→ **WHAT IS REQUIRED**
Retype word for word the stretch of entries below from the line that has "The bridges are" through the line that has "O Spinner Bait", and omit the pictures.

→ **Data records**
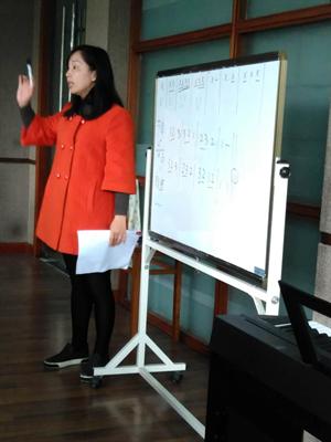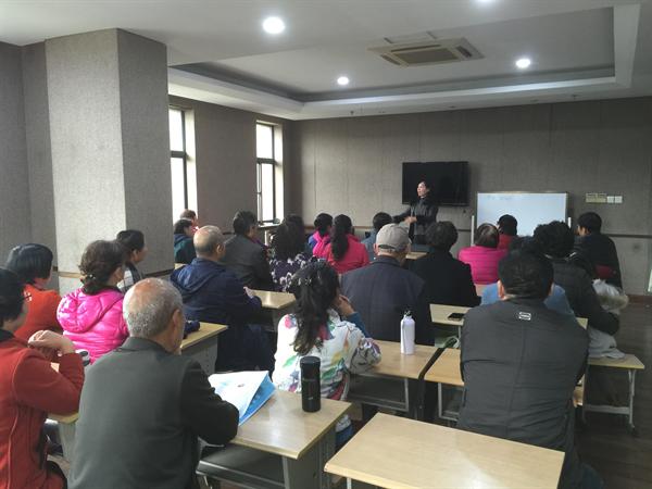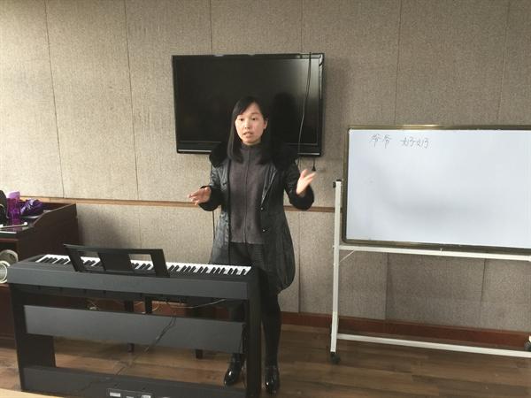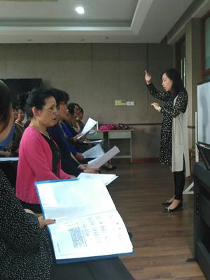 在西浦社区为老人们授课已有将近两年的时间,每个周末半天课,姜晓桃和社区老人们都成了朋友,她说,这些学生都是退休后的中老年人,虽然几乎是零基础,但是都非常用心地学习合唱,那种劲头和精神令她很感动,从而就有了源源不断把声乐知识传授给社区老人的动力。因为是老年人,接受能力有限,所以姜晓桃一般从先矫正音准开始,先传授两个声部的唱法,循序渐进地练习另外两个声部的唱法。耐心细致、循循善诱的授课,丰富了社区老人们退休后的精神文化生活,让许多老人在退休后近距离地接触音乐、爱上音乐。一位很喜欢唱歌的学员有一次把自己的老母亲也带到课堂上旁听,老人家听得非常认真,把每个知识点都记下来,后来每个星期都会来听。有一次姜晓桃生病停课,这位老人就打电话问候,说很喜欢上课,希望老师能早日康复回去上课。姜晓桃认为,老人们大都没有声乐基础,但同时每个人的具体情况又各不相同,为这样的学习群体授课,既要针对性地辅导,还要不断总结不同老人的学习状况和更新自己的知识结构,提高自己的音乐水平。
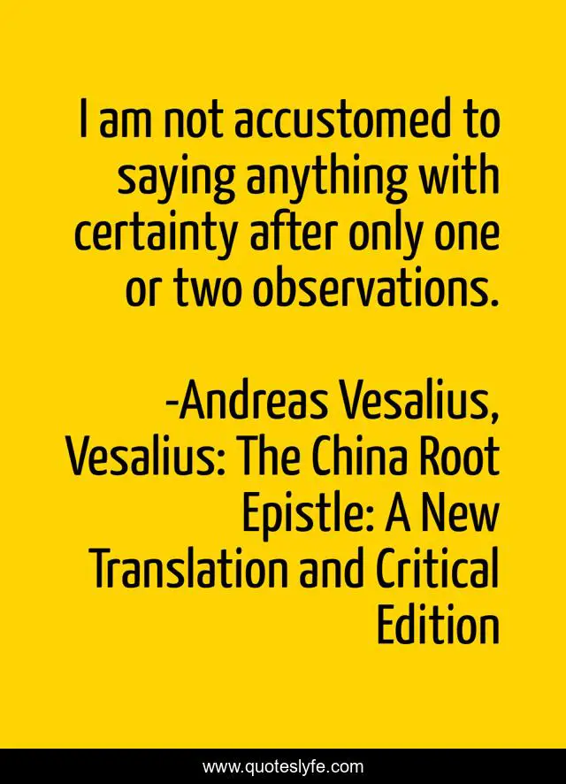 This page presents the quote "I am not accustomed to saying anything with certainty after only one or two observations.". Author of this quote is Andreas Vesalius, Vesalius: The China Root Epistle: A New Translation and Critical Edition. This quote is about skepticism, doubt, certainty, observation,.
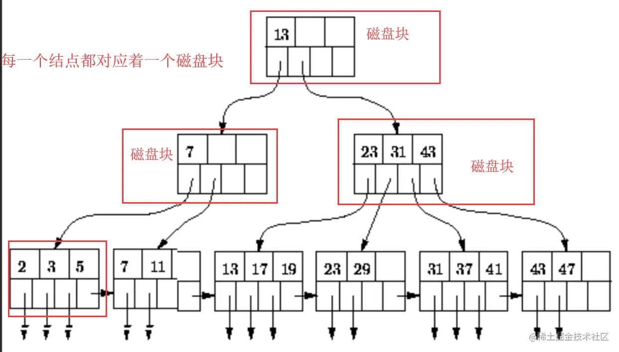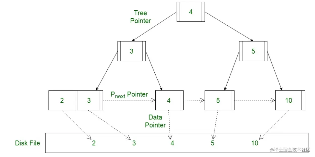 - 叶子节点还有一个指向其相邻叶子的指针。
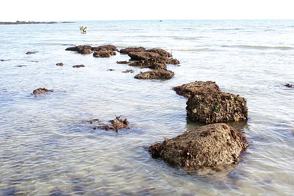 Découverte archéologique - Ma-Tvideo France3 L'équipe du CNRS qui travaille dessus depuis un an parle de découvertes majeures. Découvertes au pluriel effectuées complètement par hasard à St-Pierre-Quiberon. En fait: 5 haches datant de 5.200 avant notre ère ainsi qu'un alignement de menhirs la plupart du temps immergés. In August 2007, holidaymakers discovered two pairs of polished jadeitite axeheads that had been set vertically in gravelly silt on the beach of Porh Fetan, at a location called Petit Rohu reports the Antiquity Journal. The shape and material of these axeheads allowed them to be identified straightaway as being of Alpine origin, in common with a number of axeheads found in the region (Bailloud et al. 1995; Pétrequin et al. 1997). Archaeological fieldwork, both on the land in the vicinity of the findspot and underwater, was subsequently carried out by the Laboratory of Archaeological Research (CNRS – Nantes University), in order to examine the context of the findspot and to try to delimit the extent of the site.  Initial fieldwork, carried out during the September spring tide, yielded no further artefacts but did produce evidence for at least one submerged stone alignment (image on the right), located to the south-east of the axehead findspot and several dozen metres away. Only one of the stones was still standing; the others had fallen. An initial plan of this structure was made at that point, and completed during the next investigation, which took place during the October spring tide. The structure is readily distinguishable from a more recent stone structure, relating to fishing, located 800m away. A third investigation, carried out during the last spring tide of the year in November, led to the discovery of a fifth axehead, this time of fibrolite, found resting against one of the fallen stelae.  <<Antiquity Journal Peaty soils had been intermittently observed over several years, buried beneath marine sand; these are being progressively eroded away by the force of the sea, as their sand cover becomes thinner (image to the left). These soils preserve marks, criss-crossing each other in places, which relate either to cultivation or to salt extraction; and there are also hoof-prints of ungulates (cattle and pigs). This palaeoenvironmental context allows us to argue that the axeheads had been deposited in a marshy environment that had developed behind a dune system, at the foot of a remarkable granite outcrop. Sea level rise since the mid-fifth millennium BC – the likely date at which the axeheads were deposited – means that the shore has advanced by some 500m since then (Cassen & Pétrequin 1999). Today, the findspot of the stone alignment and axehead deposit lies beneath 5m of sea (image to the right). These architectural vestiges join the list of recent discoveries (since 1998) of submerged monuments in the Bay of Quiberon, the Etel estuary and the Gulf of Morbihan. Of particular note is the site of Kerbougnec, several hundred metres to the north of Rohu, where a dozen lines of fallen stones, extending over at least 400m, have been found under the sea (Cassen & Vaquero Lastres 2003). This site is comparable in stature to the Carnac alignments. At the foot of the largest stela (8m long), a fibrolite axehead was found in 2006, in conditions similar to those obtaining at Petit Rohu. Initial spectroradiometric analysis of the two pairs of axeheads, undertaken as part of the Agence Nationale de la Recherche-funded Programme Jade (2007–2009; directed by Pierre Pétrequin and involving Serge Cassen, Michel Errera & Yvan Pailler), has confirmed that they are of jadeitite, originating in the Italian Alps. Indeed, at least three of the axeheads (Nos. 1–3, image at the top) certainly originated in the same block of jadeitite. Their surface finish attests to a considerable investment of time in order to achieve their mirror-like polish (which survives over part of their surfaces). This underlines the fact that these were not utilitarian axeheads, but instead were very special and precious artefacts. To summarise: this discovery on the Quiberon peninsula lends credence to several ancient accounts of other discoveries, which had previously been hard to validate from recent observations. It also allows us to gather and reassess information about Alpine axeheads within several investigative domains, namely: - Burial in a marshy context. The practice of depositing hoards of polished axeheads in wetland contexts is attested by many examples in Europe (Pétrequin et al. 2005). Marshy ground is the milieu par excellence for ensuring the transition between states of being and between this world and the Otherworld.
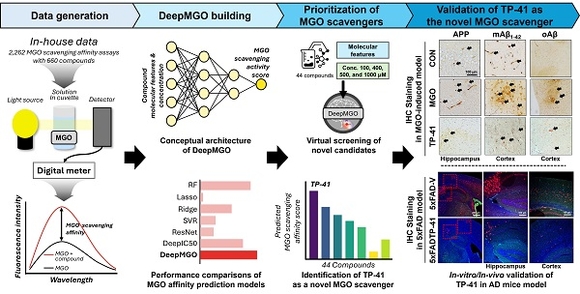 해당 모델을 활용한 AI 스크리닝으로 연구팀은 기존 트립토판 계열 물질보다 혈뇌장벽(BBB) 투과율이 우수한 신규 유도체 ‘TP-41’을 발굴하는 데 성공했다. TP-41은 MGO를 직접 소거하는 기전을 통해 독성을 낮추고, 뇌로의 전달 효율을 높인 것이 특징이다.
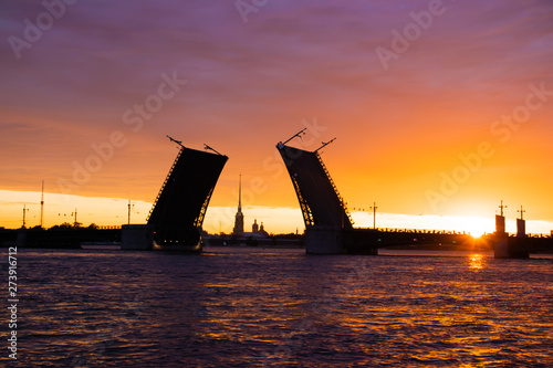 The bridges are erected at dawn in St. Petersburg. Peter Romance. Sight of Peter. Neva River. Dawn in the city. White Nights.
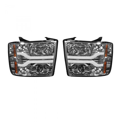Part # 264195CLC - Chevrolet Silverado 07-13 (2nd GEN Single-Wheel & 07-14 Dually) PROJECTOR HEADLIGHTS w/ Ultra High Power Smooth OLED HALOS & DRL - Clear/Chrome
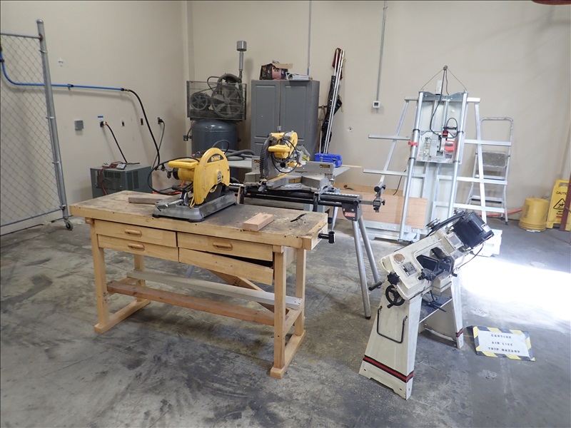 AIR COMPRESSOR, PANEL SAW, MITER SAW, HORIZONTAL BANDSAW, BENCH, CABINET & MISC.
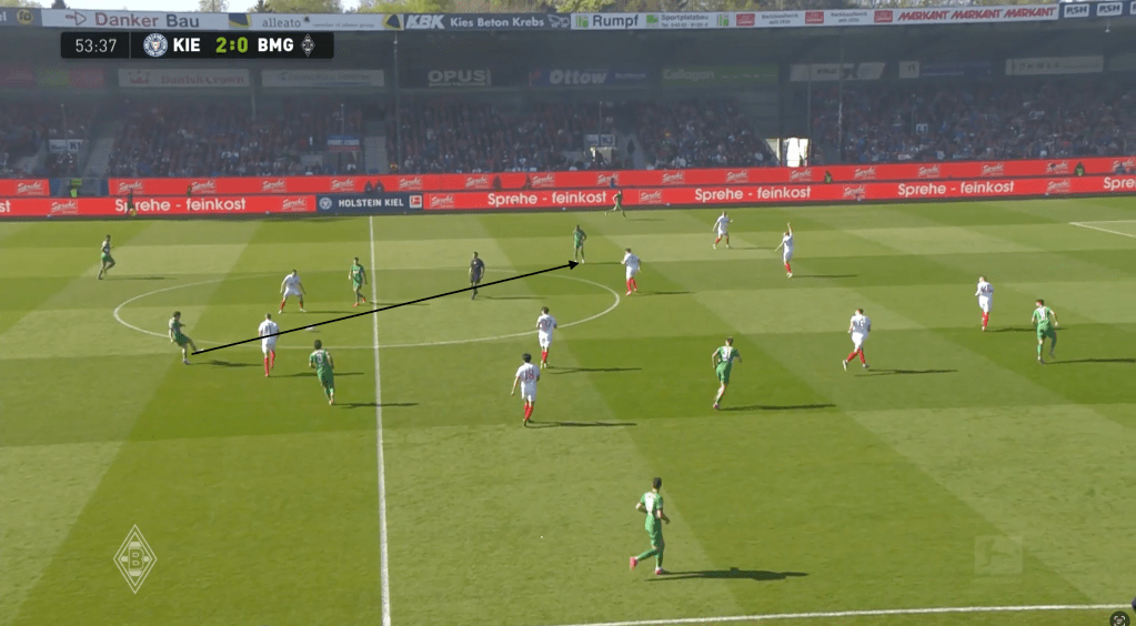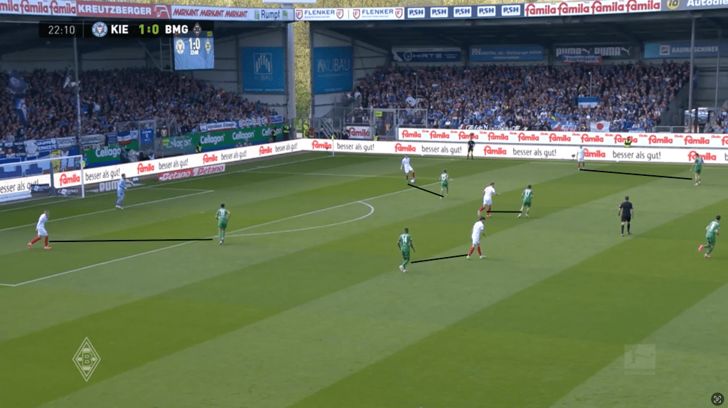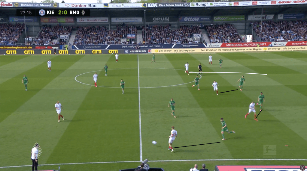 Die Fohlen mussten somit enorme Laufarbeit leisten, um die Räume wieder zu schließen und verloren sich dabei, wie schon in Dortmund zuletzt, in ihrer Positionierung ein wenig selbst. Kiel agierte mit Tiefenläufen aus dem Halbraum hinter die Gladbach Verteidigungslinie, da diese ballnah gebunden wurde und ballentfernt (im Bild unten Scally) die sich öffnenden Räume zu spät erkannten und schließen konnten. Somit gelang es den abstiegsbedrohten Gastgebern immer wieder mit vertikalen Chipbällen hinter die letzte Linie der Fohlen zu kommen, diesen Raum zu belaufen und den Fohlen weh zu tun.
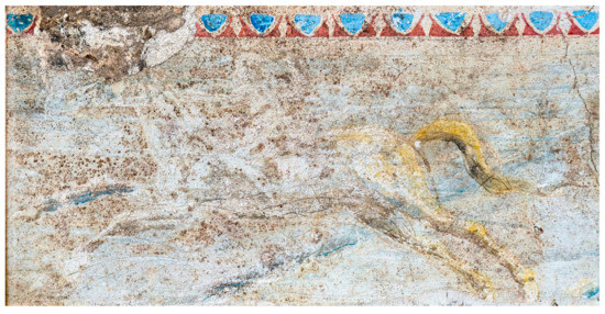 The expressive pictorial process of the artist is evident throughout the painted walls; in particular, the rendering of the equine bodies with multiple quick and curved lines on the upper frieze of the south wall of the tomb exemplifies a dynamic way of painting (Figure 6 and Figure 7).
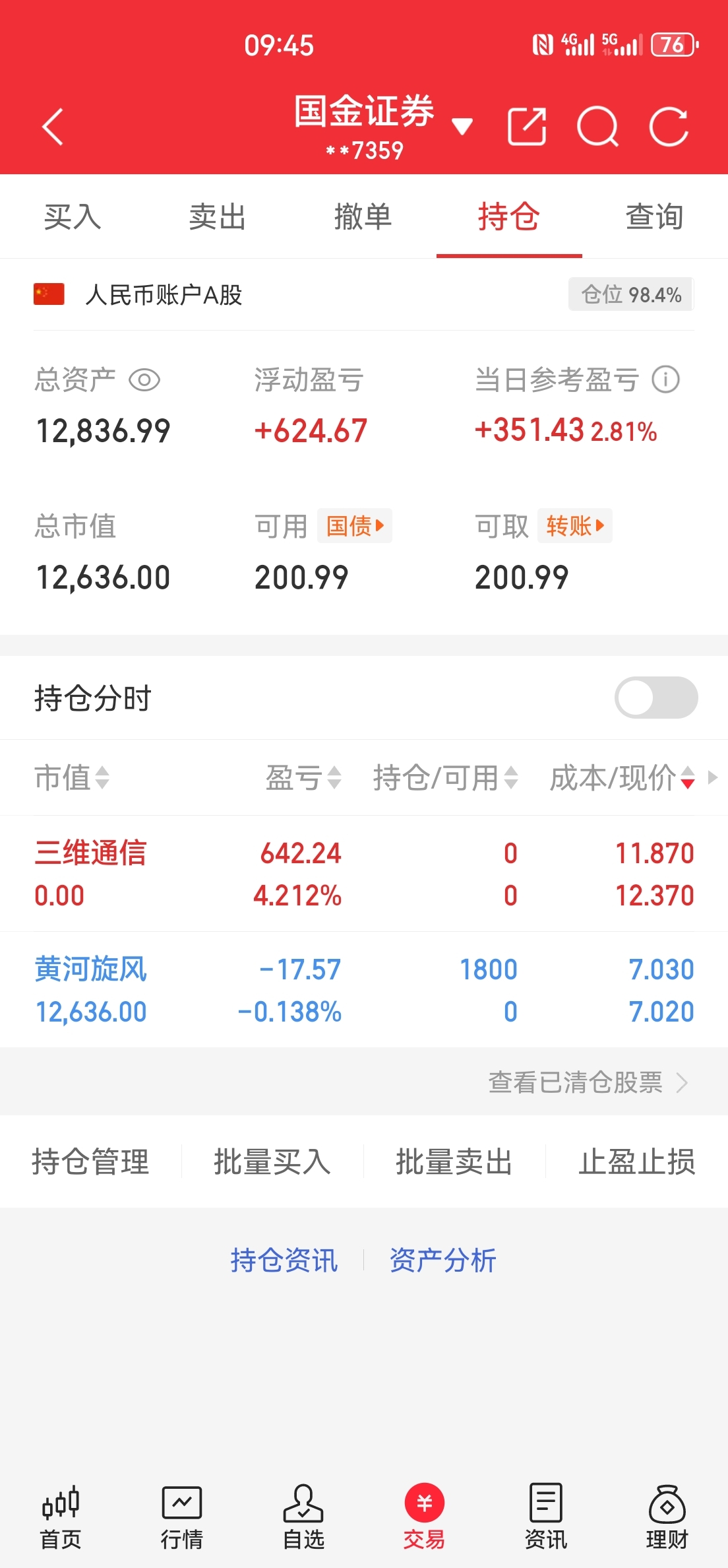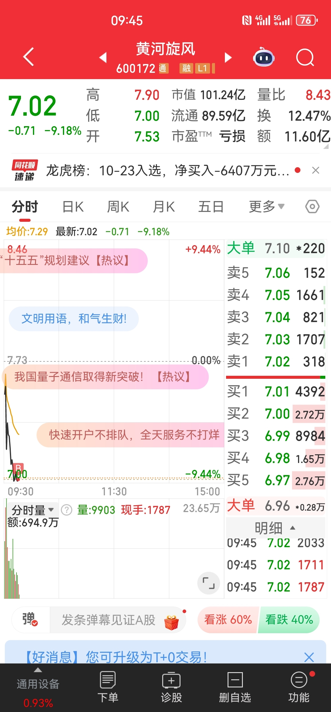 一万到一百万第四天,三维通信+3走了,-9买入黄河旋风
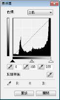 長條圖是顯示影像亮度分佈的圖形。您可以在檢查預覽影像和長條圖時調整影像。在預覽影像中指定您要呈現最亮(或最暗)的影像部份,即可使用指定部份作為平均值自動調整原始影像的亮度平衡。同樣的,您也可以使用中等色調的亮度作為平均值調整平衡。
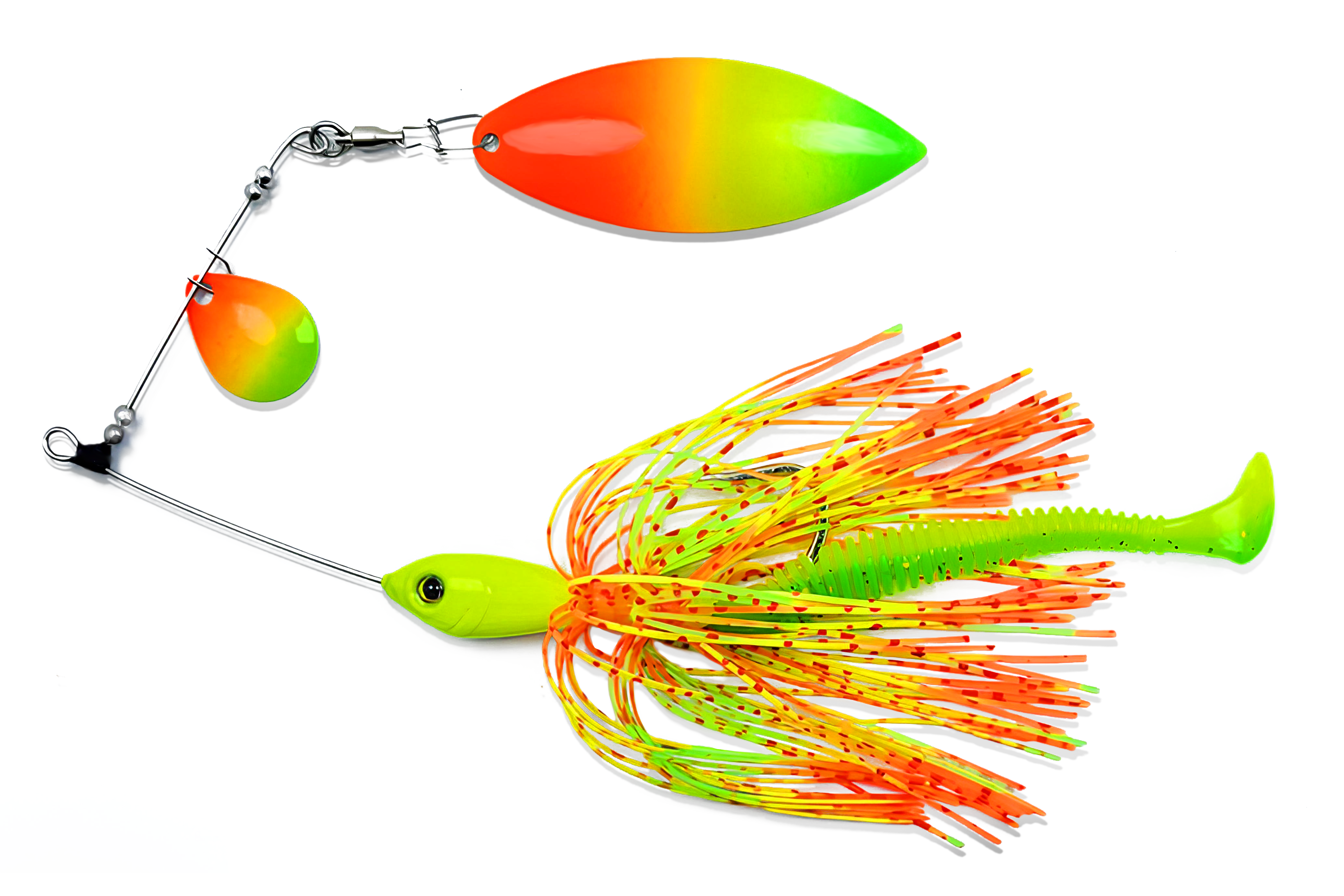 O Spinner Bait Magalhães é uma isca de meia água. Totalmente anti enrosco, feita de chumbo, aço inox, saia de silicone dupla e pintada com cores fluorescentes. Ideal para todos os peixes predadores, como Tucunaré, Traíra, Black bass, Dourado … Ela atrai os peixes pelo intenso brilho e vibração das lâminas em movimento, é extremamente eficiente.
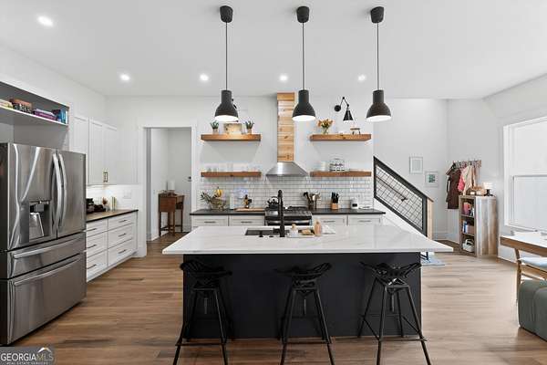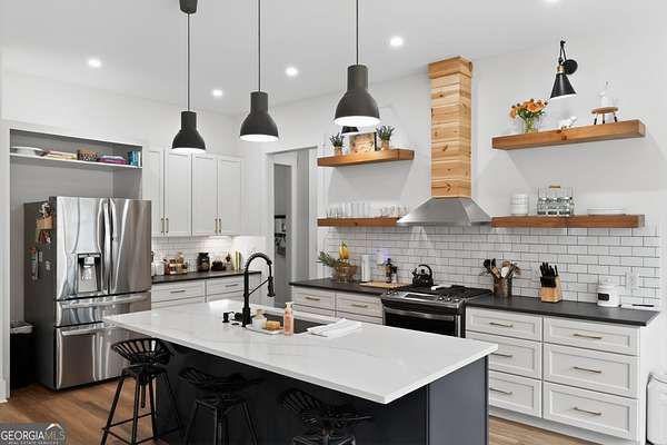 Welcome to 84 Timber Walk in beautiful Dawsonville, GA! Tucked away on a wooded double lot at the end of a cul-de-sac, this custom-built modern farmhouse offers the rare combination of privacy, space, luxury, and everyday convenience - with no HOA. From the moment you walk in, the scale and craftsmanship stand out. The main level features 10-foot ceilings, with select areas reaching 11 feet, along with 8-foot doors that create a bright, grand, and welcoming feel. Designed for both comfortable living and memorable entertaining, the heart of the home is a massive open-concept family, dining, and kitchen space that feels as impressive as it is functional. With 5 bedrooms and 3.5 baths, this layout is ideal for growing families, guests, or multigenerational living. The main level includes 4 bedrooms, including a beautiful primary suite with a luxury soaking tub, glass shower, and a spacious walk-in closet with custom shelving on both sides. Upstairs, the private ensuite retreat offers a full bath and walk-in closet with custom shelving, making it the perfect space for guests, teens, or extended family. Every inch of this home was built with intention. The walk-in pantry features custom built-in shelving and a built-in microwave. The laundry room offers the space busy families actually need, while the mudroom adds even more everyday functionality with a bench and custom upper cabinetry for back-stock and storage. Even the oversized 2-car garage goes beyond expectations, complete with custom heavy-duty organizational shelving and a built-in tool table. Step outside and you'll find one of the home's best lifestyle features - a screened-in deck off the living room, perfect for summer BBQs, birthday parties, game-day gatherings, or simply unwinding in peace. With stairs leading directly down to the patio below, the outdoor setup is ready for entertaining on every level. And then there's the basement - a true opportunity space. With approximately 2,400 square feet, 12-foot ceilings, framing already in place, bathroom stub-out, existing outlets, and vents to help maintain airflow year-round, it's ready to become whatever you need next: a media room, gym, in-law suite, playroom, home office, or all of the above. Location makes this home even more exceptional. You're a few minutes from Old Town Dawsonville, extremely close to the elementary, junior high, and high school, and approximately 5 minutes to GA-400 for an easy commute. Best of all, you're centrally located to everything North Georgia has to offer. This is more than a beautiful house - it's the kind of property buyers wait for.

→ **EXERCISE RESULT**
 The bridges are erected at dawn in St. Petersburg. Peter Romance. Sight of Peter. Neva River. Dawn in the city. White Nights.
Part # 264195CLC - Chevrolet Silverado 07-13 (2nd GEN Single-Wheel & 07-14 Dually) PROJECTOR HEADLIGHTS w/ Ultra High Power Smooth OLED HALOS & DRL - Clear/Chrome
 AIR COMPRESSOR, PANEL SAW, MITER SAW, HORIZONTAL BANDSAW, BENCH, CABINET & MISC.
 Die Fohlen mussten somit enorme Laufarbeit leisten, um die Räume wieder zu schließen und verloren sich dabei, wie schon in Dortmund zuletzt, in ihrer Positionierung ein wenig selbst. Kiel agierte mit Tiefenläufen aus dem Halbraum hinter die Gladbach Verteidigungslinie, da diese ballnah gebunden wurde und ballentfernt (im Bild unten Scally) die sich öffnenden Räume zu spät erkannten und schließen konnten. Somit gelang es den abstiegsbedrohten Gastgebern immer wieder mit vertikalen Chipbällen hinter die letzte Linie der Fohlen zu kommen, diesen Raum zu belaufen und den Fohlen weh zu tun.
 The expressive pictorial process of the artist is evident throughout the painted walls; in particular, the rendering of the equine bodies with multiple quick and curved lines on the upper frieze of the south wall of the tomb exemplifies a dynamic way of painting (Figure 6 and Figure 7).
 一万到一百万第四天,三维通信+3走了,-9买入黄河旋风
 長條圖是顯示影像亮度分佈的圖形。您可以在檢查預覽影像和長條圖時調整影像。在預覽影像中指定您要呈現最亮(或最暗)的影像部份,即可使用指定部份作為平均值自動調整原始影像的亮度平衡。同樣的,您也可以使用中等色調的亮度作為平均值調整平衡。
 O Spinner Bait Magalhães é uma isca de meia água. Totalmente anti enrosco, feita de chumbo, aço inox, saia de silicone dupla e pintada com cores fluorescentes. Ideal para todos os peixes predadores, como Tucunaré, Traíra, Black bass, Dourado … Ela atrai os peixes pelo intenso brilho e vibração das lâminas em movimento, é extremamente eficiente.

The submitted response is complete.